_PROBLEM STATEMENT:_ Write out again the lines from the line with "Señal luminiscente de" up to and including the line with "Na een regenachtige", exactly as they stand below, and skip any picture.

_DATA:_
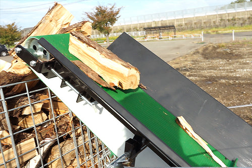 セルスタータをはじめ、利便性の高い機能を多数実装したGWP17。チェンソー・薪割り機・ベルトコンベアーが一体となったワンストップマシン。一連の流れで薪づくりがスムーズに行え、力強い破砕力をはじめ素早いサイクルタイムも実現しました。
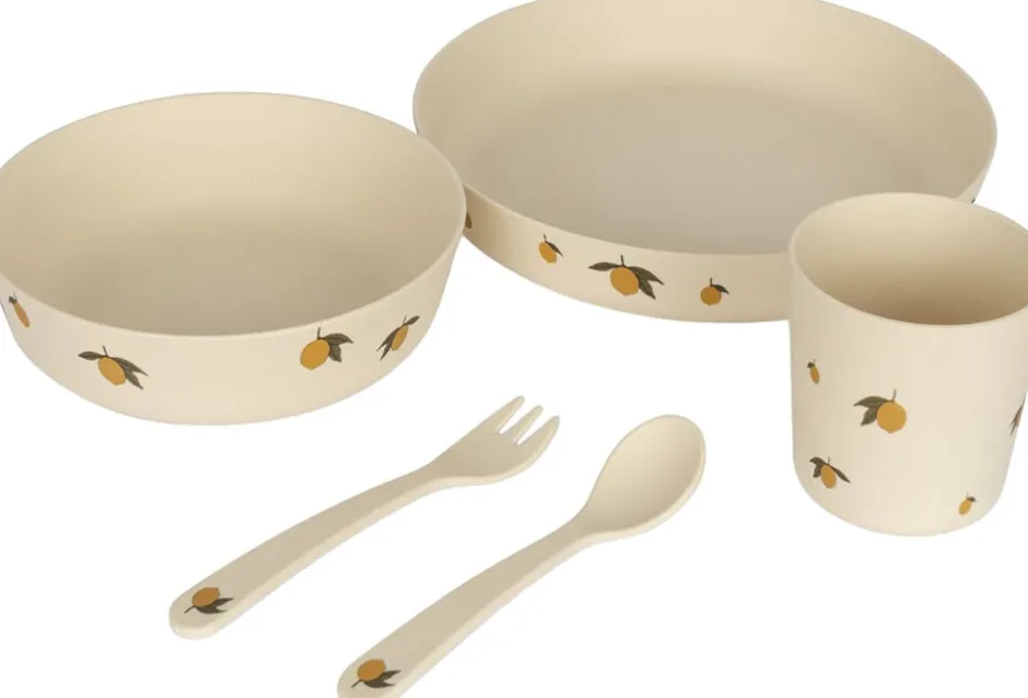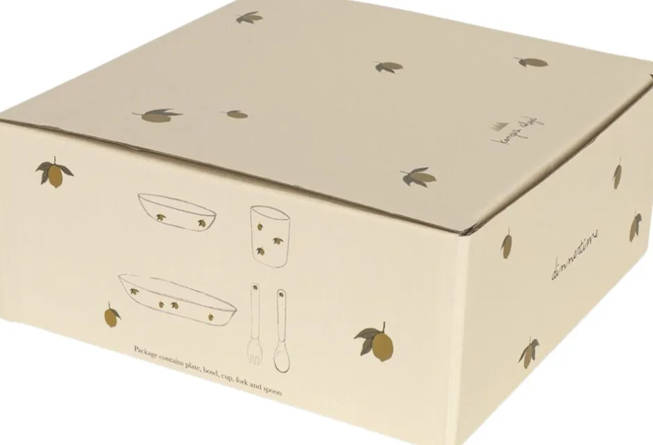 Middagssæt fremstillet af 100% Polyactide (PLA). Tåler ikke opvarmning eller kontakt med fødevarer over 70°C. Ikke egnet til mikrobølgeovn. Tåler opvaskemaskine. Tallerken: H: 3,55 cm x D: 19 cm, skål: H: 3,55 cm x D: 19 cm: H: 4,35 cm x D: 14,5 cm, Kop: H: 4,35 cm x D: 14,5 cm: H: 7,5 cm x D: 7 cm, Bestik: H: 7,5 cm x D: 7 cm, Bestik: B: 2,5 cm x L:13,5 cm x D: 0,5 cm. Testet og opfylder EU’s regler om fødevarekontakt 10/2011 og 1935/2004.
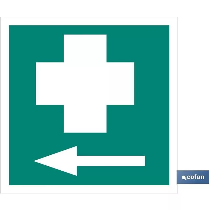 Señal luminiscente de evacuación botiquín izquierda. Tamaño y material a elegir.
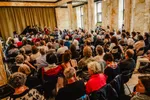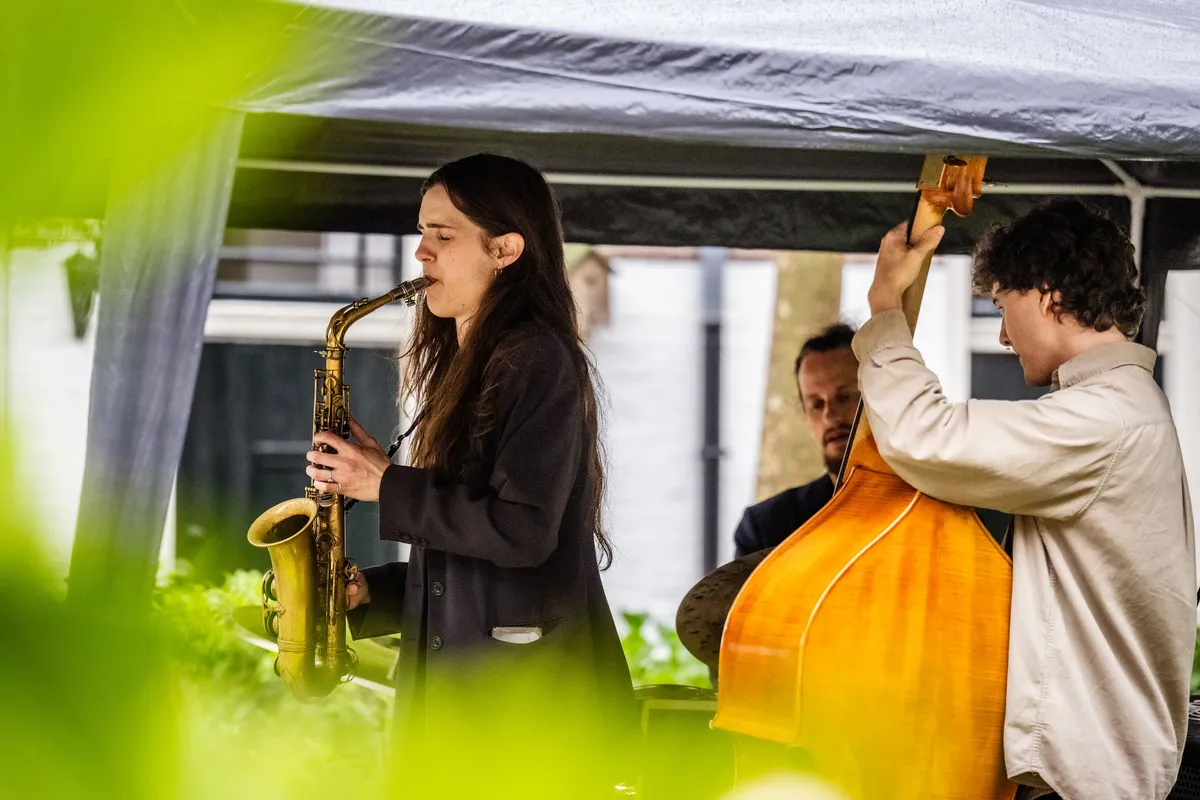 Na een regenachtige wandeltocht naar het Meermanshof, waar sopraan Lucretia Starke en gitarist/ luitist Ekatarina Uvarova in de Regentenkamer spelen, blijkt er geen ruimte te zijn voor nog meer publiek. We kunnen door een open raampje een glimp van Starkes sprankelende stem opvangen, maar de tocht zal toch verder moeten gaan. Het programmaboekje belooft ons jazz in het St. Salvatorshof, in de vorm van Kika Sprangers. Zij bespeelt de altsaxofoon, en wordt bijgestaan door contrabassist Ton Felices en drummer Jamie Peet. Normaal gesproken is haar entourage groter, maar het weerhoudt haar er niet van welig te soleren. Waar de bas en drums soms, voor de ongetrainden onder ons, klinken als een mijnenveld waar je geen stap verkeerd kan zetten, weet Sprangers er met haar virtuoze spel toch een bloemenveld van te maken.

==

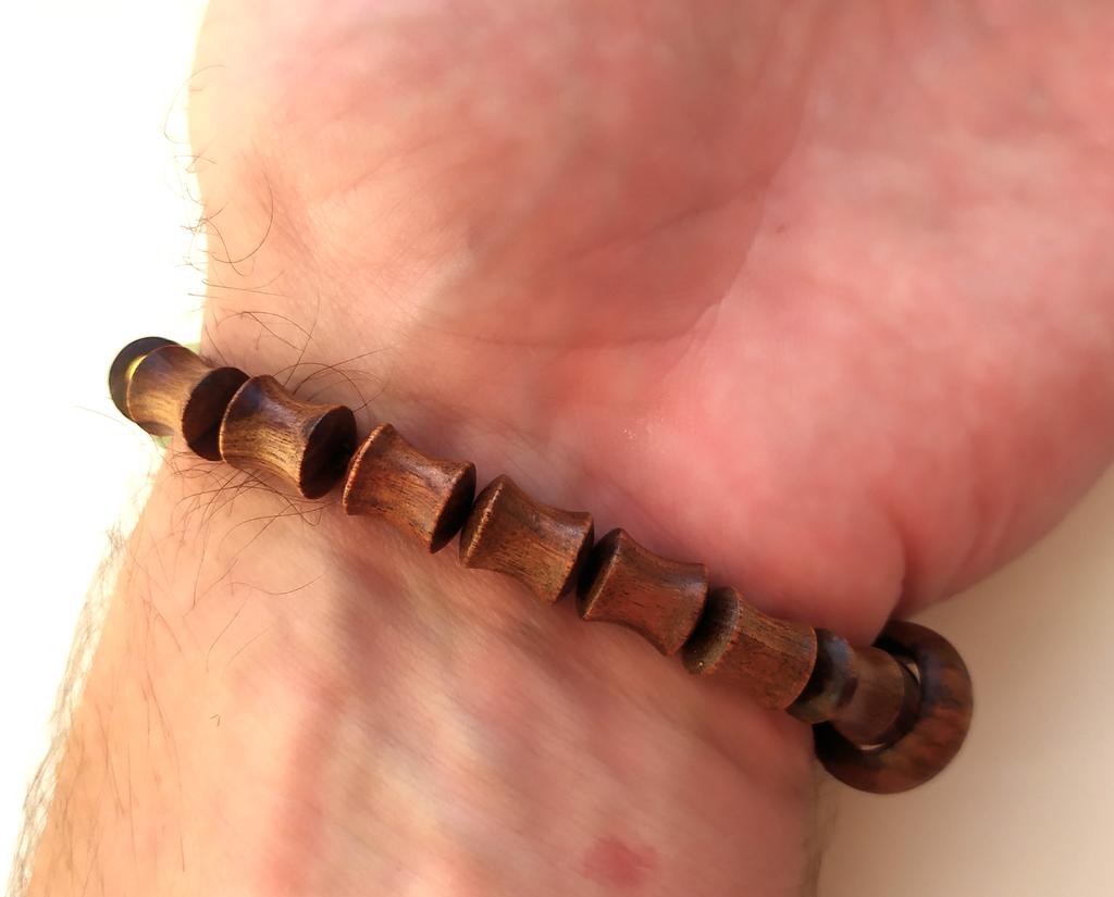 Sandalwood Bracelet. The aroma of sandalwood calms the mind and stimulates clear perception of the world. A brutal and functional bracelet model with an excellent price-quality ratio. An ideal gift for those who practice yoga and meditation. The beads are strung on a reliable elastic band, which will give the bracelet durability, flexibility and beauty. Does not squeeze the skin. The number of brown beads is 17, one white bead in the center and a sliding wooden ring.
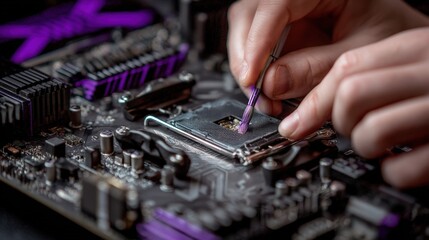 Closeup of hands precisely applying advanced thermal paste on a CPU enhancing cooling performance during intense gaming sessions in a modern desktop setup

_SOLVED PROBLEM:_
 Señal luminiscente de evacuación botiquín izquierda. Tamaño y material a elegir.
 Na een regenachtige wandeltocht naar het Meermanshof, waar sopraan Lucretia Starke en gitarist/ luitist Ekatarina Uvarova in de Regentenkamer spelen, blijkt er geen ruimte te zijn voor nog meer publiek. We kunnen door een open raampje een glimp van Starkes sprankelende stem opvangen, maar de tocht zal toch verder moeten gaan. Het programmaboekje belooft ons jazz in het St. Salvatorshof, in de vorm van Kika Sprangers. Zij bespeelt de altsaxofoon, en wordt bijgestaan door contrabassist Ton Felices en drummer Jamie Peet. Normaal gesproken is haar entourage groter, maar het weerhoudt haar er niet van welig te soleren. Waar de bas en drums soms, voor de ongetrainden onder ons, klinken als een mijnenveld waar je geen stap verkeerd kan zetten, weet Sprangers er met haar virtuoze spel toch een bloemenveld van te maken.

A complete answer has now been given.